> _About this task_
For this exercise, repeat the records below exactly and omit every picture.

#### Supplied information

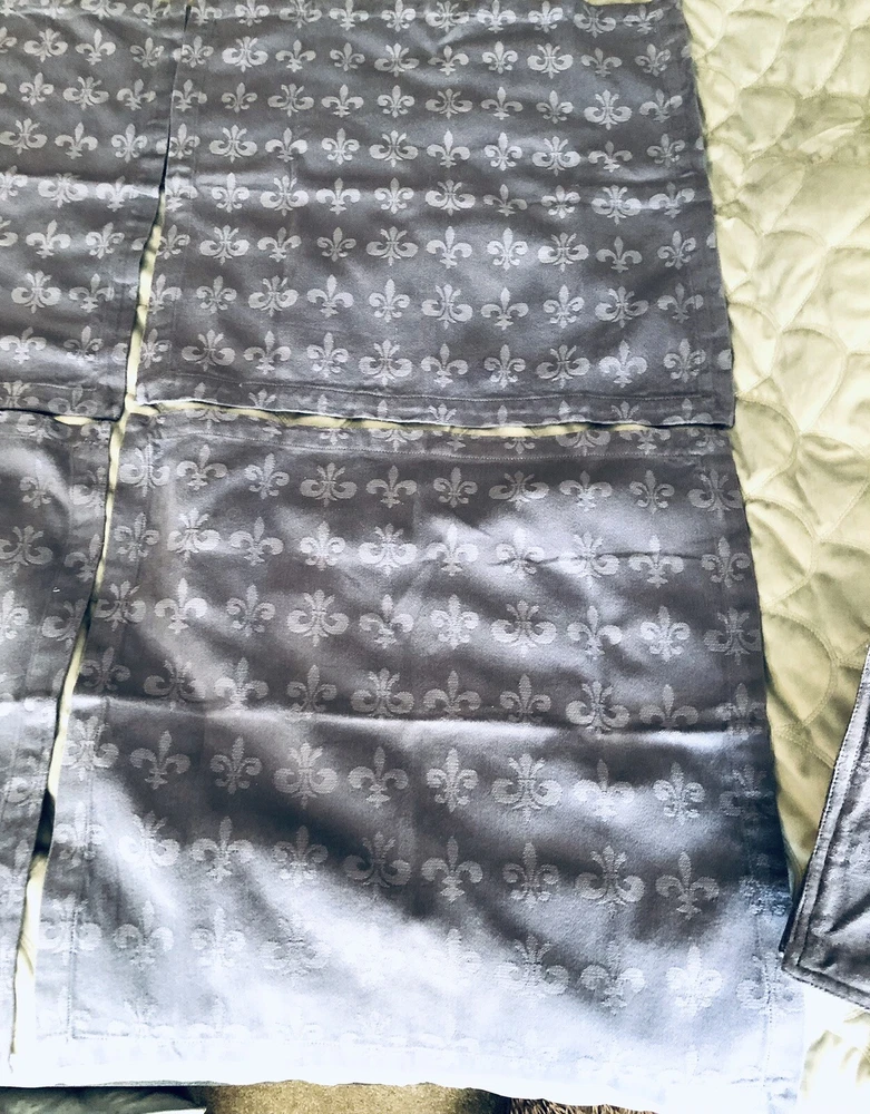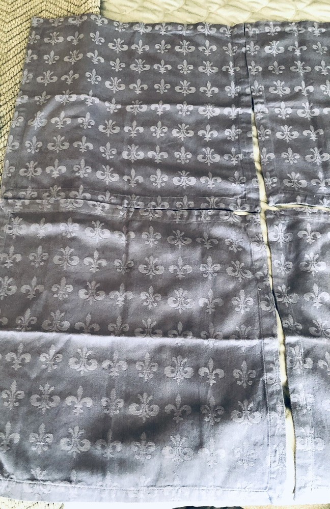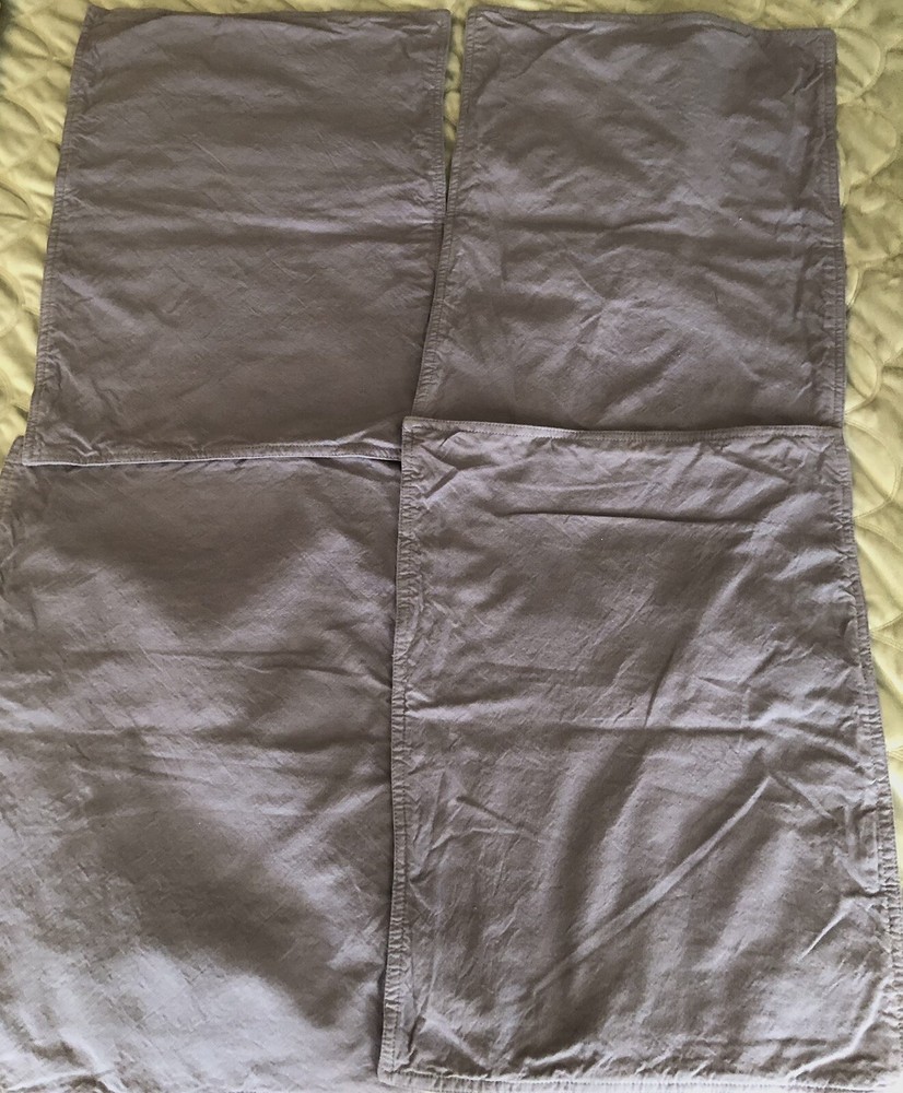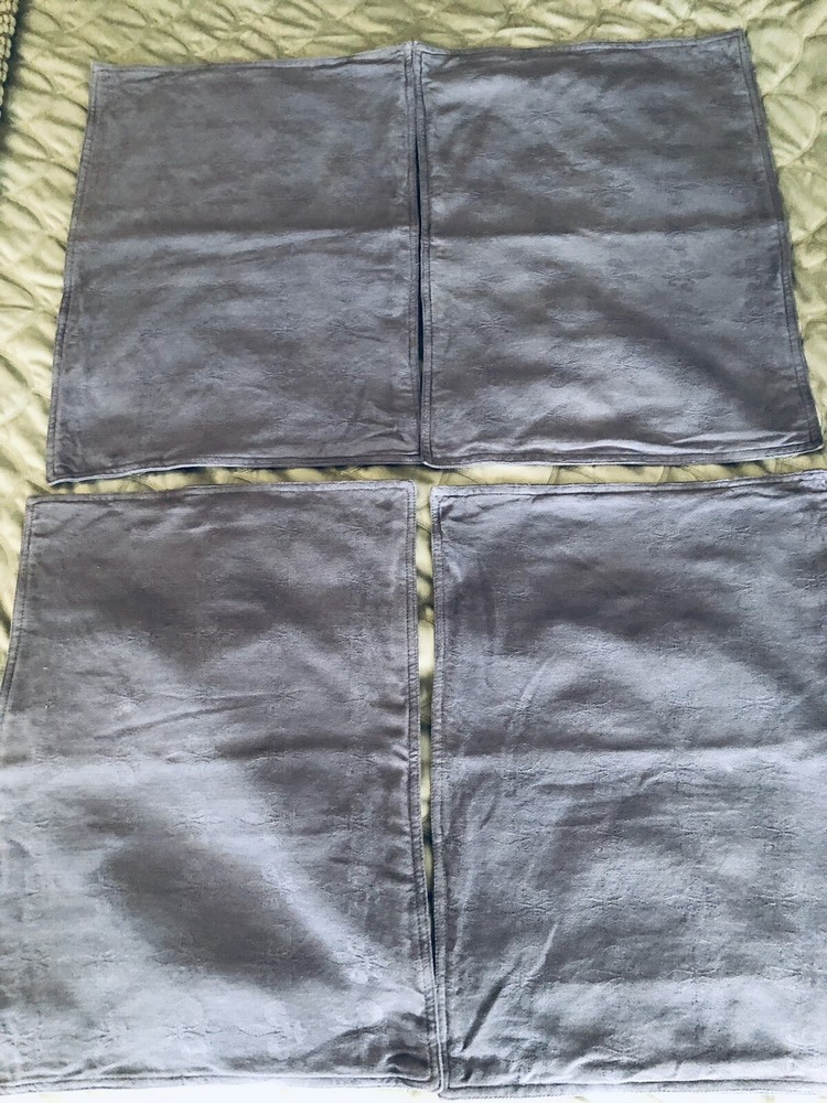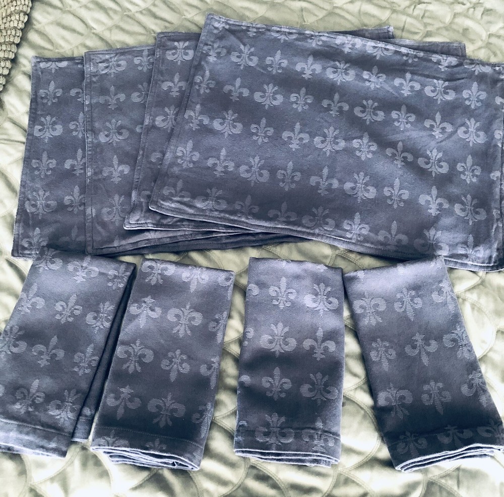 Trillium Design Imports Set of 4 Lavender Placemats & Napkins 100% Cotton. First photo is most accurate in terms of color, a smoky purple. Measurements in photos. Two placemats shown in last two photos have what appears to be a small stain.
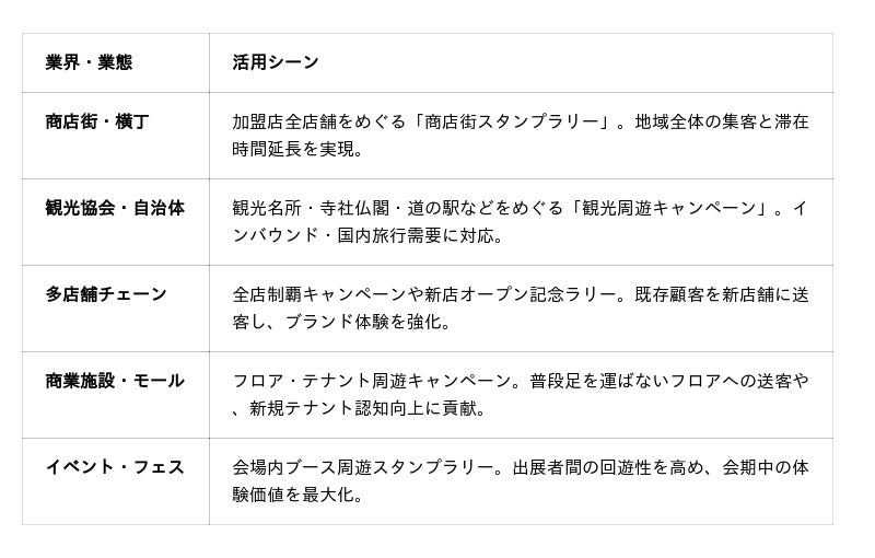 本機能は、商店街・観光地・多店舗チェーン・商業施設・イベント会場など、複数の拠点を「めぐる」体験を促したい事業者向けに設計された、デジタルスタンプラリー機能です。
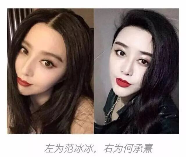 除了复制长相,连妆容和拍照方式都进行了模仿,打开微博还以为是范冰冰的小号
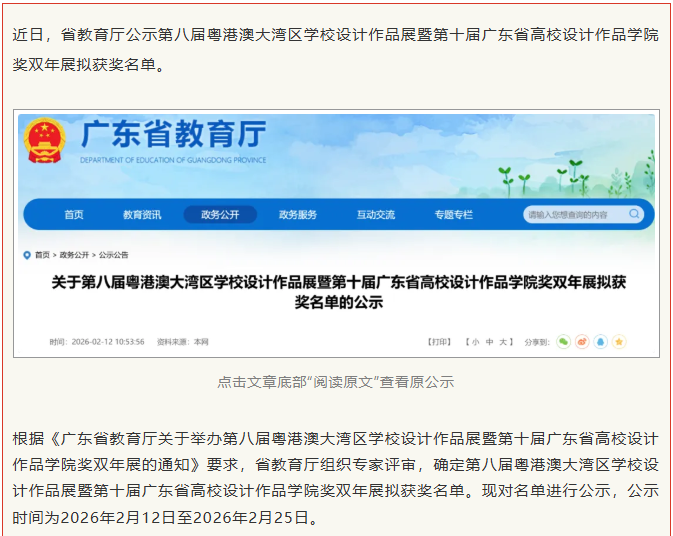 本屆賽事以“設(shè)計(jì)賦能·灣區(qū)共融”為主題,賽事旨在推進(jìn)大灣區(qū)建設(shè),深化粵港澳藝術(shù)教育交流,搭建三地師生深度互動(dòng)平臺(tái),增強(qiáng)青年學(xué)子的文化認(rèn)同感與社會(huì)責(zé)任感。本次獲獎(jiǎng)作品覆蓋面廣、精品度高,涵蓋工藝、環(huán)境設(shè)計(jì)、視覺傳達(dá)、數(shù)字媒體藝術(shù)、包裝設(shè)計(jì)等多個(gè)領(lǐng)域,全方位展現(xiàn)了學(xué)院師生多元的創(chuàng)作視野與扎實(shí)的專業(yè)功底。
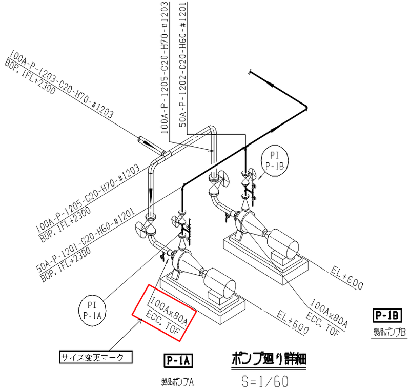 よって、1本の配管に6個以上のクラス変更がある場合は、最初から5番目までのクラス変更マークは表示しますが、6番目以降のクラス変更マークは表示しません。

########

> _Written answer_
 Trillium Design Imports Set of 4 Lavender Placemats & Napkins 100% Cotton. First photo is most accurate in terms of color, a smoky purple. Measurements in photos. Two placemats shown in last two photos have what appears to be a small stain.
 本機能は、商店街・観光地・多店舗チェーン・商業施設・イベント会場など、複数の拠点を「めぐる」体験を促したい事業者向けに設計された、デジタルスタンプラリー機能です。
 除了复制长相,连妆容和拍照方式都进行了模仿,打开微博还以为是范冰冰的小号
 本屆賽事以“設(shè)計(jì)賦能·灣區(qū)共融”為主題,賽事旨在推進(jìn)大灣區(qū)建設(shè),深化粵港澳藝術(shù)教育交流,搭建三地師生深度互動(dòng)平臺(tái),增強(qiáng)青年學(xué)子的文化認(rèn)同感與社會(huì)責(zé)任感。本次獲獎(jiǎng)作品覆蓋面廣、精品度高,涵蓋工藝、環(huán)境設(shè)計(jì)、視覺傳達(dá)、數(shù)字媒體藝術(shù)、包裝設(shè)計(jì)等多個(gè)領(lǐng)域,全方位展現(xiàn)了學(xué)院師生多元的創(chuàng)作視野與扎實(shí)的專業(yè)功底。
 よって、1本の配管に6個以上のクラス変更がある場合は、最初から5番目までのクラス変更マークは表示しますが、6番目以降のクラス変更マークは表示しません。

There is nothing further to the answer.